Située dans la métropole européenne de Lille, la ville de 4.571 habitants compte 197 logements sociaux sur un parc total de 1.800 logements. Il lui en manque 253 pour être en règle avec la loi SRU.

20 contrats de mixité social prévus dans le Nord

Baisieux devrait signer son contrat de mixité social avec l'Etat d'ici à fin janvier 2016, comme 19 autres communes du Nord. Sur les 130 communes concernées par la loi SRU dans ce département, 53 n'ont pas respecté leurs objectifs et parmi elles, cinq sont concernées par un arrêté de carence : Houplines, Sequedin, Bousbecque, Provin et Baisieux donc.
Après avoir produit 116 logements locatifs sociaux entre 2004 et 2010, la commune n'en a plus construit sur la période triennale 2011-2013 et s'est vu imposer une pénalité de 68.000 euros. Le principal projet de logements sociaux, la Malterie (136 logements, dont 67 conventionnés), a été entravé d'abord par des problèmes d'acquisitions foncières, puis parce que "la Drac nous (en) empêche", accuse le maire, l'opération ayant été retardée par la découverte de vestiges du néolithique. Le ministre de la Ville a promis de faire accélérer les fouilles archéologiques. Patrick Kanner a également rappelé que la valeur du foncier mis à disposition par une collectivité pouvait venir en déduction du prélèvement dû au titre de la carence. Mais la ville ne peut pour le moment pas en bénéficier, la petite parcelle municipale concernée par le projet de la Malterie n'ayant pas encore été cédée...

Compte tenu du développement de la construction privée...

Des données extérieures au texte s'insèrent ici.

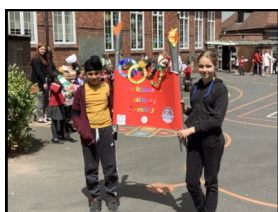
Olympic Torch Relay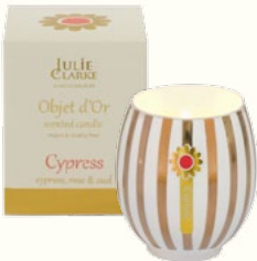
237-22 CANDLE cypress, rose & oud

A zesty burst of refreshing grapefruit dominates the top notes of Cypress, with the rich intensity of jasmine & rose at its heart, mixed with the warm sweetness and woody base notes of oud.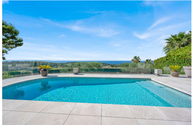
Villa in Bendinat 6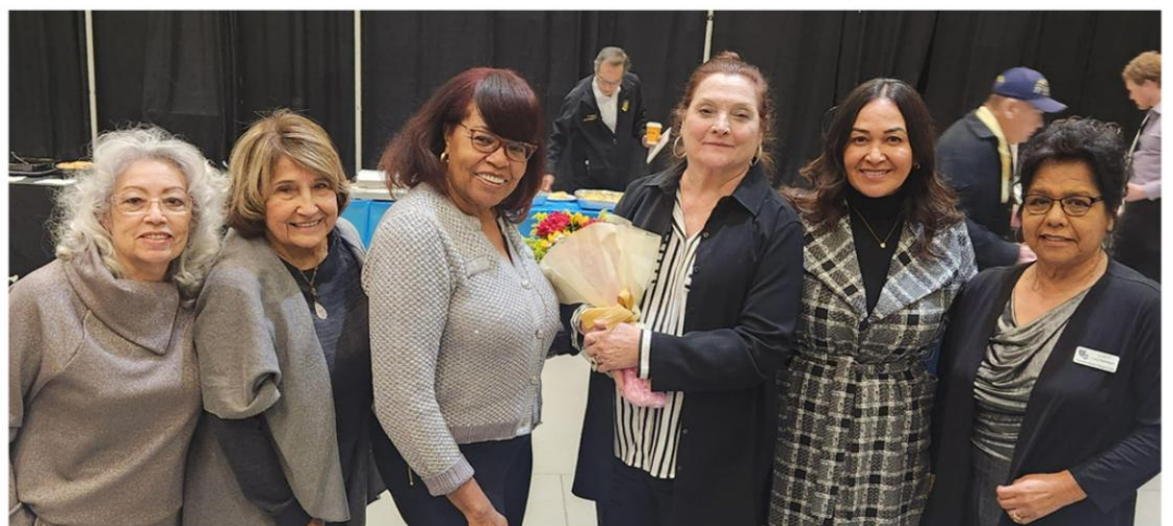
1/26 - Ladies at HHIA meeting in Community Center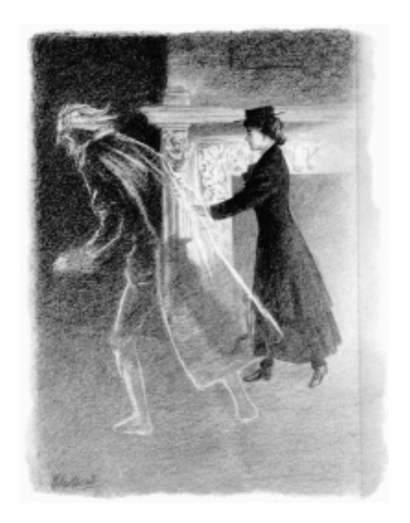
"The ghost glided on more swiftly"

she felt something pulling at her dress. "Quick, quick," cried the Ghost, "or it will be too late," and in a moment the wainscoting had closed behind them, and the Tapestry Chamber was empty.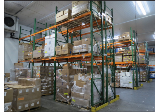
View of Cold Storage and Food Inventory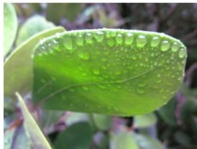
We made the most of the weather, collecting Some excellent images of raindrops.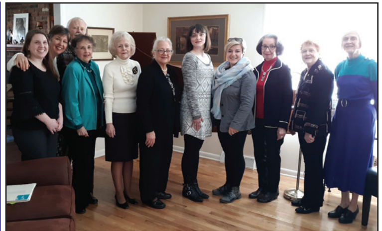
Members of the Bloomington Indiana Alumnae Chapter.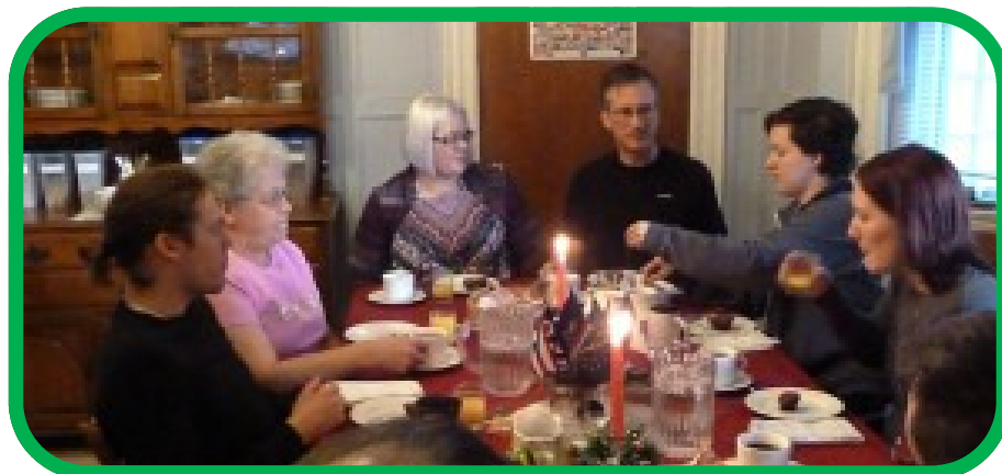
Breakfast shared with guests offers opportunity for multicultural interaction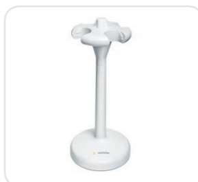
Charging Carousel Stand

When the pipette is not in use, it should be stored in an upright position in order to avoid contamination from work surfaces. Sartorius provides stands for all of its pipettes. It is recommended that electronic pipettes be stored and charged on a charging stand whenever they are not in use. In this way, their batteries always remain charged for when work begins.

"Nous voulons construire des logements locatifs sociaux à court et à moyen terme, mais de façon harmonieuse sans perdre notre âme de village", assure pourtant le maire. La Malterie et quatre autres projets représentent un total de 158 nouveaux logements locatifs sociaux et Francis Delrue se dit prêt à en construire 200 supplémentaires pour en compter 397 à l'horizon 2025 soit 17% du parc.
Il refuse toutefois de suivre le rythme imposé par la loi SRU telle que modifiée par la loi Duflot 2 de janvier 2013. Pour être à 25% de logements sociaux, la commune devrait avoir 1.075 logements sociaux sur un parc total de 4.300 logements logeant ainsi 11.000 habitants : de quoi la faire "exploser", selon son maire.
Il calcule qu'en suivant les projections de la préfecture, et compte tenu du développement de la construction privée, en 2025 la population de Baisieux serait proche de 7.600 habitants avec un parc d'environ 3.000 logements dont 631 logements locatifs sociaux (soit 21%).

Des problèmes de mobilité accrus

Une telle évolution aurait selon lui "de grandes conséquences sur les besoins de services et d'équipements municipaux et sur les infrastructures de notre secteur. Mais surtout il faudrait être accompagné par l'Etat, la région, le département et la métropole européenne de Lille pour résoudre des problèmes de mobilités déjà existants et qui vont croître d'une manière exponentielle", anticipe-t-il. 
A l'échelle de la métropole, les 36 communes qui ne respectent pas la loi SRU devraient, selon ses calculs, construire 132.000 logements dont 46.000 logements locatifs sociaux. Soit une moyenne de 11.000 logements par an dont 4.000 logements locatifs sociaux quand le PLH prévoit 6.000 constructions neuves par an (dont 2.000 logements locatifs sociaux) pour l'ensemble des 85 communes du territoire.